Surface of an object of revolution: Let us calculate the surface area of a revolved object first. Imagine you have an upright axis called the polar axis. Around this axis is a revolved or twisted surface. A sphere would be an arc with constant radius revolved around that axis. Like the meridian in the following image:
If we make the radius from the center of the polar axis varying, so that it depends on $\theta$ we get $r \,(\,\theta\,)$ and we can influence that arc. The following figure shows the polar axis as horizontal $X - axis$. But still the distance from center $(0,0)$ is given as a radius and not as an perpendicular axis $Y$.
Notice, that the resulting revolved object is independent of $\phi$ and is therefore symmetrical around the polar axis.

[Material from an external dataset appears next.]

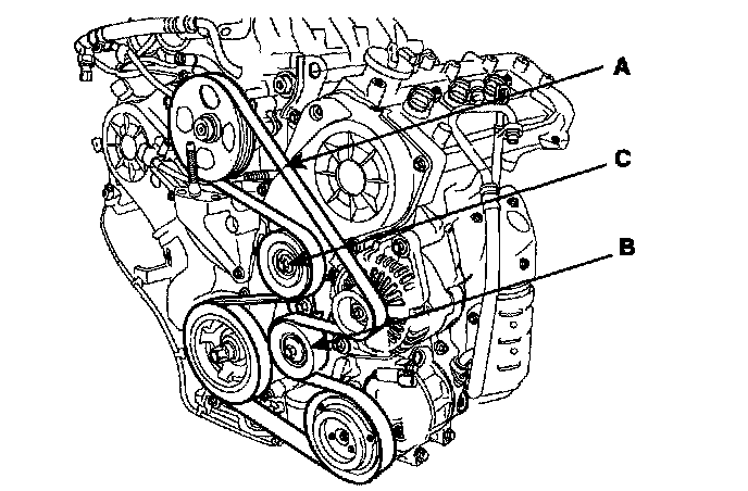 4. Remove the drive belt (A), the idler (B) and the tensioner (C).

To calculate the surface of such an object given by $r\,(\,\theta\,)$ with $\theta \in [0,\pi$] and $\phi \in [0,2\pi] $ my initial assumption is to sum up (integrate) each ring around the polar axis that the given radius creates at position $\theta$.
$$\begin{align} A &= RingAlongPolarAxis \cdot DifferentialHeightOfRing\\ & = \int_{0}^{\pi} 2\pi \, sin(\theta) \, r(\theta) \cdot \sqrt{\Big(r(\theta)cos(\theta)\Big)^2+\Big(r(\theta)sin(\theta)\Big)^2} d\theta \\ & = \int_{0}^{\pi} 2\pi \, sin(\theta) \, r(\theta) \cdot \sqrt{ r(\theta)^2 \Big(cos(\theta)^2+sin(\theta)^2\Big) } d\theta \\ & = \int_{0}^{\pi} 2\pi \, sin(\theta) \, r(\theta) \cdot \sqrt{ r(\theta)^2 \cdot 1 } \: d\theta \\ & = \int_{0}^{\pi} 2\pi \, sin(\theta) \, r(\theta) \cdot r(\theta) \: d\theta \\ & = \int_{0}^{\pi} 2\pi \, sin(\theta) \, r(\theta)^2 \: d\theta \\ \end{align} $$
This seems to be correct because for a constant $r$ it yields the well known surface area of a sphere: $A=4\pi \, r^2$. But in here the radius function is squared. In the integral in question $p(\theta)$ is not squared.

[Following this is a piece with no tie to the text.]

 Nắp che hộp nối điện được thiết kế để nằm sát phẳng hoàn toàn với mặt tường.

Surface area in steradian: To get to $\Omega$ which is in steradian we need to calculate the surface area per $radius^2$. Let us calculate $\Omega$ of a sphere by putting the integral equation into the steradian definition:
$$ \begin{align} \Omega &= \frac{A}{r^2} \\ &= \int_{0}^{\pi} \frac{2\pi \, sin(\theta) \, r(\theta)^2}{r(\theta)^2} \: d\theta \\ &= \int_{0}^{\pi} 2\pi \, sin(\theta) \: d\theta \\ &= 2\pi \int_{0}^{\pi} sin(\theta) \: d\theta \\ &= 2\pi \, 2 = 4 \, \pi \\ \end{align} $$
As I can see, there is a good reason why a sphere has $4\,\pi$ steradians, regardless of its size and why steradians loose the unit of area e.g. $m^2 \Rightarrow$ the radius is just cancelled out and with it goes the unit of length (squared).
Questions:
- So why is the function that produces the radius dependent of $\theta$ still in the integral equation (2) for the surface area of the Henyey Greenstein function?
- If $p(\theta)$ is still in the equation how can it produce a unitless steradian value?